_Exercise_: Reproduce the data in full, exactly as given, leaving images out.

Recorded data below:

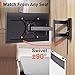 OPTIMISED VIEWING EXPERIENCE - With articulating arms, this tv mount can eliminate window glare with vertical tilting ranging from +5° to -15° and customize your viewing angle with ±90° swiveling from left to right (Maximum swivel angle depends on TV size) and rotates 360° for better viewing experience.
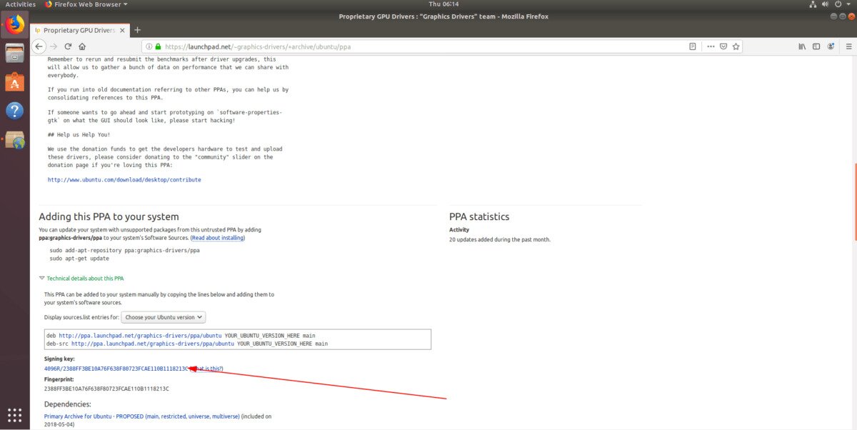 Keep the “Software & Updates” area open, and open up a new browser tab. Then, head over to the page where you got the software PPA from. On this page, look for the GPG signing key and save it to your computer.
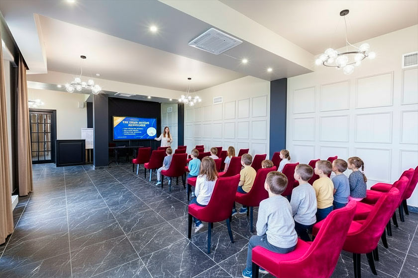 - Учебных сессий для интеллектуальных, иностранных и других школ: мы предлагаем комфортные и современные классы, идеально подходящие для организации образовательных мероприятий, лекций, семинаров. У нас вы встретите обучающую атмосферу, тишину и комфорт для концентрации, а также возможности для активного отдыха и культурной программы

End of Recorded data.

_Expected answer_:
 OPTIMISED VIEWING EXPERIENCE - With articulating arms, this tv mount can eliminate window glare with vertical tilting ranging from +5° to -15° and customize your viewing angle with ±90° swiveling from left to right (Maximum swivel angle depends on TV size) and rotates 360° for better viewing experience.
 Keep the “Software & Updates” area open, and open up a new browser tab. Then, head over to the page where you got the software PPA from. On this page, look for the GPG signing key and save it to your computer.
 - Учебных сессий для интеллектуальных, иностранных и других школ: мы предлагаем комфортные и современные классы, идеально подходящие для организации образовательных мероприятий, лекций, семинаров. У нас вы встретите обучающую атмосферу, тишину и комфорт для концентрации, а также возможности для активного отдыха и культурной программы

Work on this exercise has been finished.